One should never assume on these boards that the person posting is in the same country that you are.

That applies to this post also.


----------



## dsquire (Aug 16, 2010)

8ntsane  said:
			
		

> Hello everyone
> I have a buddys air compressor to hook up, and have a question regarding the wiring to to pressure switch. This is a 5hp , 575v 3-phase job. He picked this up used, and when I got over to his place, I found all the wiring removed from the unit. all it had was the wires hanging out of the motor. Kinda made me step back and have another look.
> 
> The pressure switch is a Furnas 69HA U1 , now this is the part that puzzles me? The Pressure switch has 4-terminals on it. The two outside ones are maked (line, L1 & L2) and the two middle ones are marked (Motor)
> ...



I would like to suggest that you please read this link. 
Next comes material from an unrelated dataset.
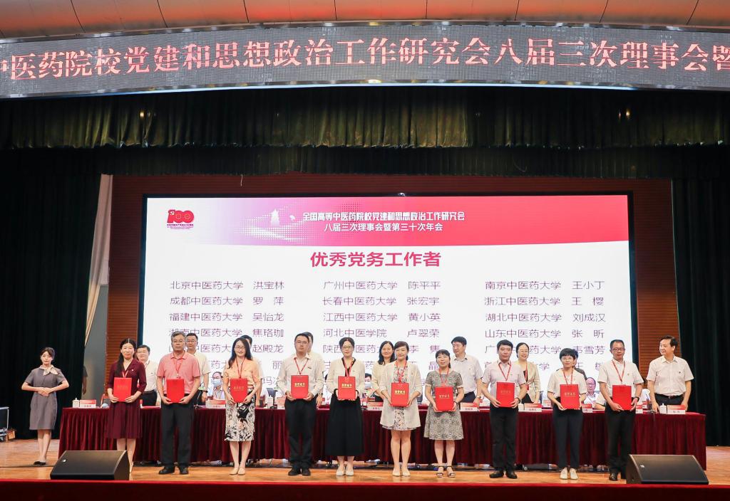 大会表彰了优秀党务工作者和优秀论文获得者。beat365医学信息工程学院教工党支部书记陈平平获评“优秀党务工作者”;张建华等撰写的《“十三五”时期加强公立中医医院党建工作的实践与“十四五”时期的探索——以beat365中文官方网站直属附属医院为例》获得优秀论文一等奖、唐凯晴等撰写的《新冠肺炎疫情背景下中医药院校思想政治教育方法路径探索——中医药院校毕业生择业焦虑现状及应对策略》与刘秦民撰写的《中国共产党防范化解执政风险的历史经验》获得优秀论文三等奖。

http://www.homemodelenginemachinist.com/index.php?topic=10130.0

Cheers 

Don


----------



## dsquire (Aug 16, 2010)

steamnut2010  said:
			
		

> Here is an interesting note on electrical questions in general.
> Due to the internet, anyone in the world can ask anyone else in the world electrical questions, and the answer depends on the respective country in which the two individuals reside.
> 
> Due to the transparency of the internet, it is very easy not to know where the person you are conversing with is from, and likewise, I am sure the other person probably does not know where you are.
> ...



I would like to ask you to please read this link.
http://www.homemodelenginemachinist.com/index.php?topic=10130.0

Cheers 

Don


----------



## steamnut2010 (Aug 16, 2010)

With the transparency of the internet, a safety hazard has been created that I was not aware of.
Solutions to electrical hookups depend on what country you are in, and what electrical system they use in that particular country.

I think one thing is very clear, and that is the fact that most electrical diagrams look very similar, but the seemingly most insignificant change that can be made to the diagram can determine the difference between safe and unsafe circuits. 

The internet is a great communications tool, but does have its safety drawbacks.


----------



## 8ntsane (Aug 16, 2010)

Hey guys
Skip this post
Its not worth some of you getting all excited.
Im suprized some of you guys turn your machines on with out panic.

Paul


----------



## steamnut2010 (Aug 16, 2010)

Paul-

This thread, like many others, is an educational tool, and the guys on the forum range anywhere from the beginner like myself to the very advanced machinists and builders.
Some of the threads come across a bit odd, but they are addressing a wide range of folks and experience, and I feel any thread is a learning experience, and therefore good.


----------



## steamnut2010 (Aug 16, 2010)

A buddy of mine use to say "IT'S ALL GOOD!"


----------



## zeeprogrammer (Aug 16, 2010)

steamnut2010  said:
			
		

> This thread, like many others, is an educational tool, and the guys on the forum range anywhere from the beginner like myself to the very advanced machinists and builders.
> Some of the threads come across a bit odd, but they are addressing a wide range of folks and experience, and I feel any thread is a learning experience, and therefore good.



Hear hear.


----------



## Stan (Aug 17, 2010)

I think I gave the correct advice in the first response. It was technically correct and done very politely.

Now on the third page of responses, I will be more blunt. No inexperienced person should be playing with 575 volt 3ph power.

I won't even get into the electrical code and the liabilities when dealing with industrial power installations. I have been there when the inspector had power turned off to the building when he found an non approved installation.


----------



## steamnut2010 (Aug 17, 2010)

The information I first posted above does not apply to this person's specific situation, so I am going to remove it to prevent confusion and to prevent misapplication.

There are those on the this forum who have 25+ years experience with designing 600V, 4,160V, 12,500V, and 23,000V systems.
The experience is here, it just has to be used carefully and safely, and best done off this forum in my opinion, since there are too many variables to be able to give safe answers on a forum.


----------



## Maryak (Aug 17, 2010)

steamnut2010  said:
			
		

> there are too many variables to be able to give safe answers on a forum.



And on that note gentlemen, the topic is closed

Best Regards
Bob


----------